We need to support the Maldivian pole-and-line fishery. We need to develop similar operations elsewhere too. Many of the Pacific Island Countries are in prime position to limit foreign fishing operations and develop locally owned and operated sustainable pole and line fisheries instead. And we need to clean up purse-seining, and support those who are leading the charge on that, too. Illegal fishing needs to be totally stamped out, and bycatch needs to be eliminated. With the UK’s evident appetite for guilt-free fish, it’s clear that these are things we care about.
But do we care enough? And what exactly has all this got to do with the price of fish?
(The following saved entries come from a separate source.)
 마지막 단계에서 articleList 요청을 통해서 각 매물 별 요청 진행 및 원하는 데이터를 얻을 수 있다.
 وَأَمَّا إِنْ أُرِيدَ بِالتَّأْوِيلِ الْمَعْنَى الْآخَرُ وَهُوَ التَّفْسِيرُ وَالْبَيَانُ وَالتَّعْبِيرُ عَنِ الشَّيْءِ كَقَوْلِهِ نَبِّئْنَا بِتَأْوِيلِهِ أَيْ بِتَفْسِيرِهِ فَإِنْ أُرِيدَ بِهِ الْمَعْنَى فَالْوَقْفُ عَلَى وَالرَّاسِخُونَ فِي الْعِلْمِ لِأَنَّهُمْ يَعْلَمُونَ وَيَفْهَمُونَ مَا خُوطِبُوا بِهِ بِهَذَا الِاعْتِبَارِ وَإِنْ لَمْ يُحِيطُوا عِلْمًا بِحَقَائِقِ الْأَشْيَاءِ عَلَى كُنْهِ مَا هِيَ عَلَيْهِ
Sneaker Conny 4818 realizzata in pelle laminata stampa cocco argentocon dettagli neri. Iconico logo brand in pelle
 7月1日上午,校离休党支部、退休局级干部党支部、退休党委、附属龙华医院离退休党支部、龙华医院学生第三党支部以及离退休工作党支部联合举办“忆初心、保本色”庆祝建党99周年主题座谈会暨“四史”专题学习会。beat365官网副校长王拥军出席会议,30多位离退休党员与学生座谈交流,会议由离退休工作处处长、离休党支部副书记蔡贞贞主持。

How much does your tin of tuna cost? And does what you pay for it reflect the value of what’s inside, or how it got there?
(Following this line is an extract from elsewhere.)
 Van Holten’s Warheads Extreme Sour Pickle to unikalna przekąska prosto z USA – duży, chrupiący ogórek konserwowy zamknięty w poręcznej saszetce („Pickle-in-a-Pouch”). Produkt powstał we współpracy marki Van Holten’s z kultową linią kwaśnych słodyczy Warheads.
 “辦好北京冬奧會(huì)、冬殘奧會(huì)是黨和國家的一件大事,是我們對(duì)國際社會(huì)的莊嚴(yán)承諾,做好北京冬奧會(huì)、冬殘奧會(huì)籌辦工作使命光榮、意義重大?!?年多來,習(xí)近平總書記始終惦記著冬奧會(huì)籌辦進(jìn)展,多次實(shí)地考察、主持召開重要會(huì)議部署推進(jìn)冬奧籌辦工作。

You need to pay more for your tuna. There, I’ve said it. It’s an unspoken truth in the developed world that we have cheapened food as a commodity, and seem to have no idea how much it should be worth. Fish is a prime example. Unlike millions of people in the developing world, most of us in Europe don’t depend on fish as a source of protein. And we also don’t pay a fair price for it. ‘Half-price’ cod fillets at your local supermarket? Buy one get one free on packets of fish fingers? 5 Euros for a ring of king prawns? A tin of tuna for 80 cents?
If we want responsibly-sourced fish we need to pay for it. As it stands, by not properly supporting the guys who are trying to make a difference, we let the others (from the cheaper, who-cares-what-we-do end of the spectrum) out-compete them, and steal their fish too. We distributed a leafelt in the Brussels Seafood Exposition to demonstrate that many well-known tinned tuna brands are providing cheap tuna, at a high environmental and social cost, and taking no action to change this. some of the companies and tinned tuna brands who by the use of intensive and destructive fishing method provide cheap tuna for high environmental and social cost - and are no action to to change this.
If the fish are to survive, and the fishing communities that depend on them, we need to show a bit of respect to the oceans, and expect to pay a fair price for the fish we eat. That probably means eating fish less frequently, but making sure what you eat is responsibly-sourced.
If we don’t want that, and just want cheap fish, to hell with the cost… then best get eating it up as quickly as you can. Because stocks won’t last.